Мне пришлось срочно задуматься о печальном, чтобы исполнить обещание.

— А что? — продолжала Кирико. — Ты меня бросил, никто не помогает, идеи гибнут… Я за любого иностранца готова уцепиться, лишь бы он пить умел.

— Думаешь, этот умеет?

— Не знаю. Теперь уже неинтересно. Мне теперь интересно, как использовать улику.

— Улику?

Кирико присела, загремела дверью сейфа, где хранилась выручка, достала и положила передо мной туго скатанный полиэтиленовый пакет.

— Я тогда убежала прямо в шарфе. Только в машине заметила. И решила не отдавать. Из него еще это не выветрилось. Понюхай.

Я раскатал пакет на стойке и осторожно приподнял одну ручку. Через секунду полчища знакомых феромонов отплясывали босанову у меня под носом.

— Говорю тебе, это такие духи, — сказал я, снова скручивая пакет и разгоняя феромоны ладонью. — Меланезийская парфюмерия.

— Хорошенькие духи! Такими духами тараканов морить. И вообще: тридцать градусов жары, а человек ходит в шарфе — это нормально?

— Наверное, у них на острове так принято. Все принцы ходят в шарфах.

— На острове, может, и ходят. А здесь это улика. Я вот думаю: сразу в суд подать или сначала по месту работы?
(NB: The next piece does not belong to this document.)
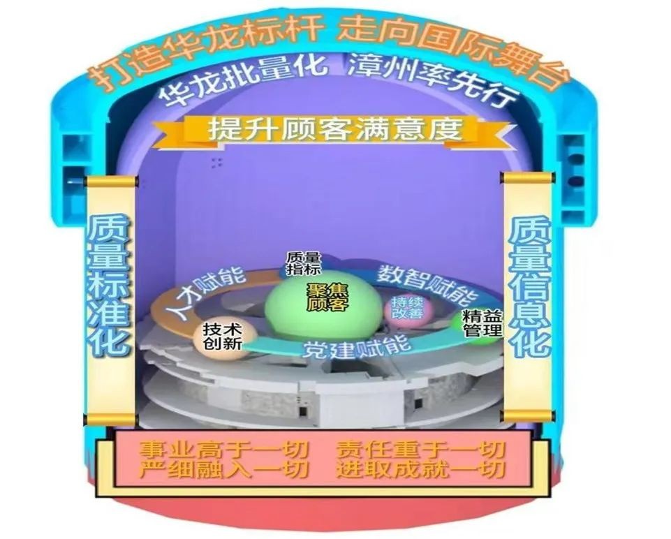 自項目建設以來,中核工程漳州項目部堅持安全第一、質量第一,始終秉持“華龍批量化,漳州率先行”的總承包理念,全面落實集團公司“六大控制七個零”管理要求,打造“華龍一號”品牌建設。堅持整體協同,推動質量信息化、智能化,以卓越績效引領,創新發展,強化建設全鏈條質量管理;通過開展技術攻堅、強化精益管理,推進“華龍一號”批量化建設過程持續創優,實現項目管理從“符合法規要求”到“關注績效”,再到“追求卓越績效”的不斷提升。

— Киритя-а-а-ан! — застонал я. — Какой еще суд? Что ты хочешь отсудить?

— Моральную компенсацию. Если докажу факт сэкухары, то имею право.

— За что компенсацию? За поцелуй?!

— Ну да… Это ведь сэкухара…

— Выходит, ты и меня можешь к суду привлечь?

— Конечно. Могу и тебя. Хотя нет, не могу. Не помню всех деталей.

— Еще б ты помнила… Я тоже ничего не помню…

— А что тут особенного? — Кирико вернула улику в сейф и щелкнула замком. — Моника отсудила кучу денег. Почему мне нельзя?

— Так сильно нужны деньги?

— А то нет! Я на грани банкротства. В этом году кредит выбила, в следующем могут не дать. Кризис, не видишь? Все разоряются.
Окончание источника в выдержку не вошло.